The problem that arises is that administrators, content creators or any other profile that manages the content of a site are among the most active users. In the long run, this activity, which Analytics catalogues as “visitor”, without distinguishing between users and administrators, falsifies the numbers of real users, i.e. those who have no interest in the growth or decrease in numbers of a site.

This is very important, especially if the numbers of visitors will be the basis for the choice of marketing strategies.

How to do that?

Using cookies

To track visitors Analytics uses a short Javascript code like this one, included on every single page of the site that each visitor’s browser runs:

window.dataLayer = window.dataLayer || [];
function gtag(){dataLayer.push(arguments);}
gtag('js', new Date());
gtag('config', 'UA-XXXXXXXX-X');

Quite simply, we can define a cookie to be set in the administrator’s browser (for example no-tracking) and, with a conditional command, tell the code to execute the previous instructions only if the cookie is not present. The value of the cookie is therefore not relevant.

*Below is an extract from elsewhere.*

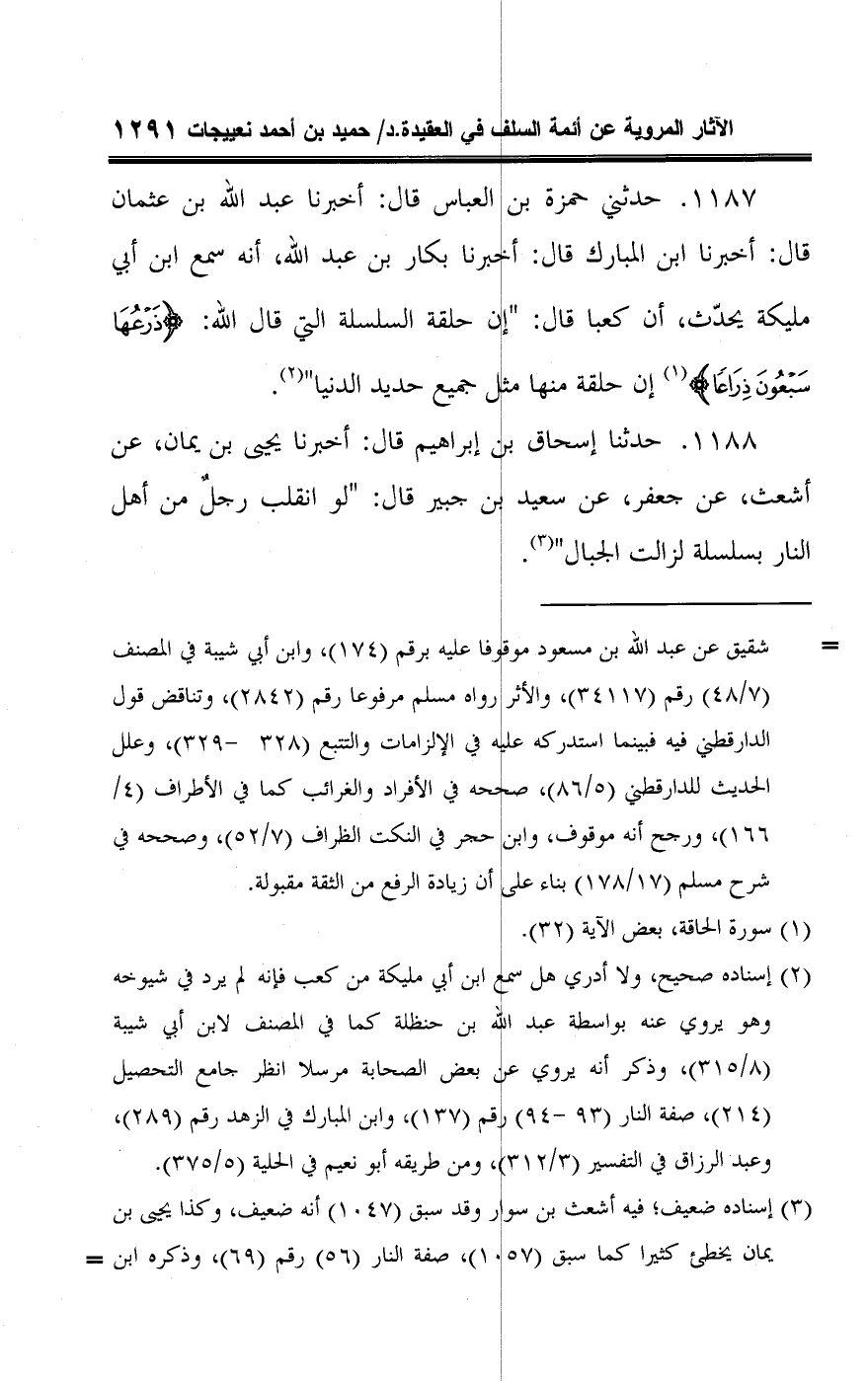 ١١٨٧ - حدثني حمزة بن العباس قال: أخبرنا عبد اللَّه بن عثمان قال: أخبرنا ابن المبارك قال: أخبرنا بكار بن عبد اللَّه، أنه سمع ابن أبي مليكة يحدّث، أن كعبا قال: "إن حلقة السلسلة التي قال اللَّه: {ذَرْعُهَا سَبْعُونَ ذِرَاعًا} (¬١) إن حلقة منها مثل جميع حديد الدنيا" (¬٢).

// indexOf(str) returns -1 if there is no occurrence of string str,
// the index of the first occurrence of str otherwise
if (document.cookie.indexOf("no-tracking") === -1){
    window.dataLayer = window.dataLayer || [];
    function gtag(){dataLayer.push(arguments);}
    gtag('js', new Date());
    gtag('config', 'UA-XXXXXXXX-X');
}

The cookie can also be set manually in the administrator’s browser.

Once this operation has been carried out, Google Analytics will only track the real users who visit the site, making the collected data much more reliable.